Oz is losing support in the legislature and among other Kansas state officials. On March 28, KDHE Director Clyde Graeber introduced legislation to protect his department and the state from being sued in state court. The bill was voted down in preliminary action but was reintroduced and passed the House March 30. Such a radical shift, Ballou says, indicates that legislators want to increase Kansas tourism and are willing to give Oz more time. “But because tourism is what we would really like, we have been blinded by Oz and the possibilities,” he says. “People in Topeka are sticking with it longer than they would with other economic development projects, waiting for new information to see if it will go.”
“The bill to protect the state was not requested by Oz but by the KDHE to protect my agency, my employees, and the state of Kansas,” Graeber says. “We are volunteering to oversee remediation of the environmental problems at Sunflower. If something happens, if someone wants to sue Oz or the contractor they hire, we want to make sure the state does not wind up with any liability because they are overseeing the remediation.”
But the bill only keeps the KDHE and the state from being sued in state court, not in federal court. The Sunflower land is now owned by federal taxpayers under EPA supervision with the possible land transfer handled by the General Services Administration (GSA). If people wanted to sue the state, they could file in federal court.
If Oz support evaporates this year, it can come forward again, Ballou says. “Just as it has many times over the course of the last decade,” he says. “There is a saying down here: ‘It ain’t ever dead.'”

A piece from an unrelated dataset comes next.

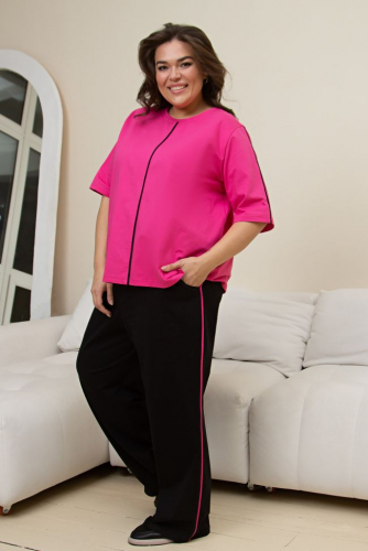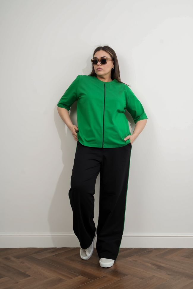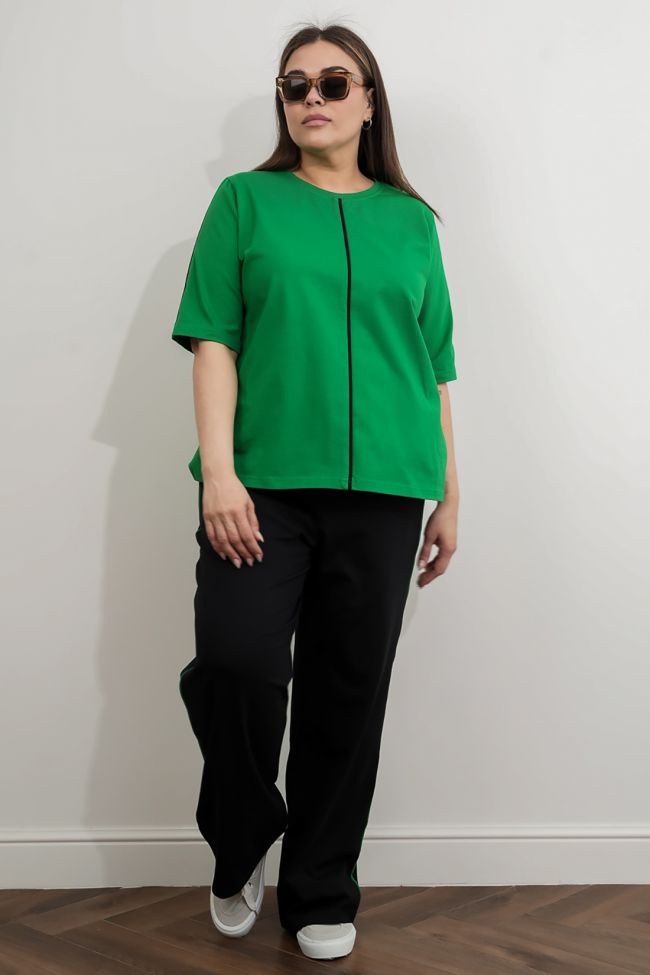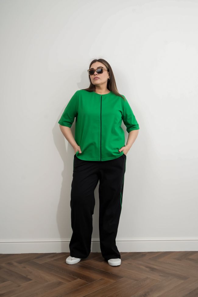 зеленый Стильный костюм состоящий из джемпера и брюк из плотного однотонного трикотажа. Джемпер прямого силуэта, круглый вырез горловины оформлен бейкой. Рукава длиной до локотя на спущенной линией плеча. По переду джемпера декоративная отделка в виде трикотажной ленты в тон брюкам. Низ ровный. Брюки прямого силуэта . Модель с комфортной высокой посадкой на талии, без застежки. Верх оформлен широким поясом на резинке. Передние половинки с удобными наклонными карманами. По бокам брюк декоративная тесьма в виде лампас в тон джемперу. Замечательный выбор для ценителей стиля и комфорта.

The project may take even longer to get off the ground. On March 30, the 250-member Taxpayers Opposed to Oz (TOTO) filed suit in federal court in Kansas City, Kan., against the GSA. The citizens group wants the GSA to follow its own regulations in transferring the land to Oz, a process they say has been clouded by behind-closed-door negotiations between Oz officials and the government.
The group alleges the GSA did not follow the National Environmental Protection Act in assessing pollution on the Sunflower site, the extent of which remains undetermined, even by U.S. Environmental Protection Agency and GSA officials. TOTO says the government’s environmental assessment of the site did not consider impacts the transfer would have outside the site, including building infrastructure to access the site, possible air and water pollution, and development of the area around the site. The group also says GSA violated the National Historic Preservation Act (NHPA). Only 6.9 percent of the property has been assessed under the NHPA. More than 90 homesteads, three town sites, and Native American cultural and archaeological sites are known to exist on the site. The Oregon and California National Historic trails also cross the property.
As wrangling over Oz continues, Kory divides his time between Kansas City and Los Angeles. “For better or worse,” he says, “the design industry in theme parks is in L.A. That is where the venture capital financing is. When we have the park plans, we will move the entire company to Kansas City. I look forward to moving as soon as we get approval of the transaction.”